What tends to hold you back in life? How, specifically, can you overcome these perceived obstacles/limitations? There is always a way, if not to remove the obstacle, then to navigate around it.

Is there a gulf between what you truly are and what you are choosing to be in your daily life? If so, how can you bridge that gap and be more authentic?

What are your motivations, both surface and hidden?

How can you LOVE more, and express that love more readily?

In what ways are you still focussed on getting, acquiring and achieving and in what ways can you shift into a mode where you live to GIVE?

What blind-spots and unconscious patterns have been holding you back? What areas within you are crying out to be brought into the light of consciousness and healed?

In what ways do you waste your time, when you could be doing (or simply being) something more important of benefit to self and others?

Are you spending too much time hooked up to technology, internet, games consoles, television and mobile phones?

Do you have any addictions or compulsive behavioural patterns that need addressing?

Who or what do you need to make peace with?

Who or what do you really need to let go of?

What ways do you get caught in the illusions of past and future and lose the present moment? How can you be more alive and present in the NOW?

Are you readily able (and willing) to step into your natural state of peace, expansiveness and stillness? Do you allow yourself frequent immersion in this natural state that is free of compulsive thinking and compulsive doing?

Are you doing what you love? If not, how might you do more of what you love (bearing in mind that the energy of love and enthusiasm is of tremendous importance to healing the world)?

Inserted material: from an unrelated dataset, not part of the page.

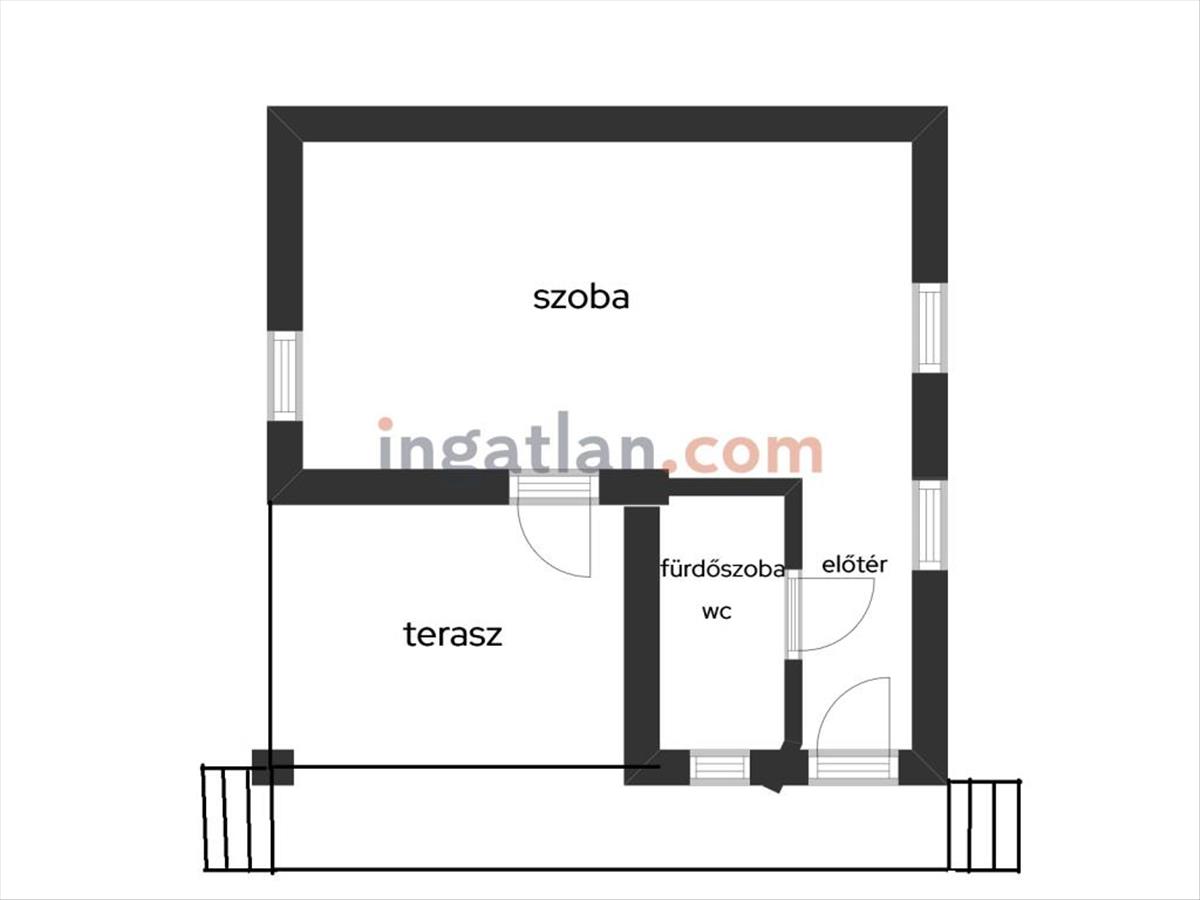 Tagolása: előszoba (2, 3 nm ), fürdőszoba wc-vel (2, 9 nm ), szoba (16, 9 nm ), terasz (7 nm ).

What are your deepest aspirations and noblest intentions for 2010?

Can you be at peace right NOW, in this moment, accepting all with love...simply because what is, IS and resistance to this brings suffering?

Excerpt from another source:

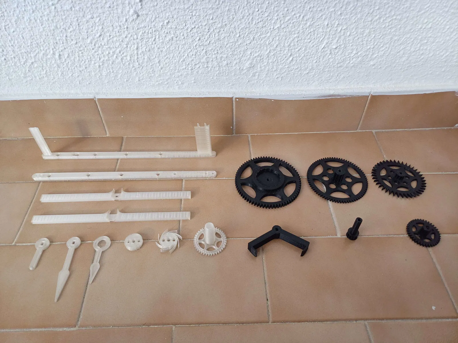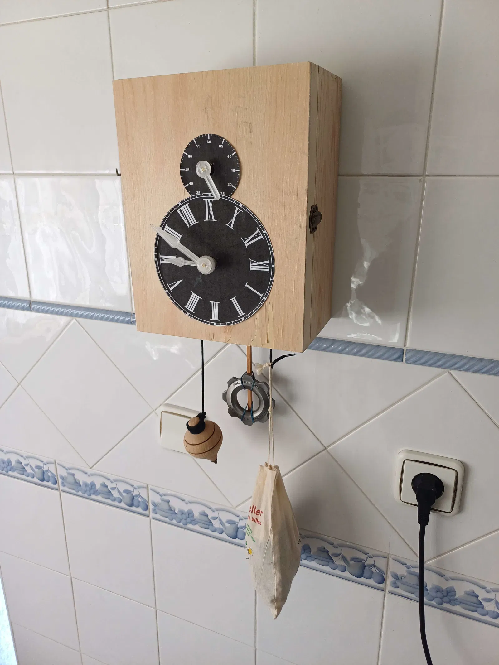Tui đã cố gắng giảm thiểu tối đa số lượng bộ phận in 3D nhất có thể (chỉ có bánh răng, giá đỡ bộ máy, kim đồng hồ và bộ phận giữ con lắc), nên hộp, mặt đồng hồ, con lắc, dây và quả cân đều là những vật dụng tui tạm thời sử dụng.

I hope these questions are of some help and inspiration. The answers may not always be what you’d like and this is not an exercise in beating yourself up, simply in being honest with yourself, accepting what is and knowing that you can move on from there if you so choose.

Happy 2010 - hope you have a great year!

Sunday, January 03, 2010

Fight or Flow

In each moment we have the choice to fight with life or flow with life. One brings suffering, the other brings peace. So choose wisely (and never forget, it's ALWAYS a choice!).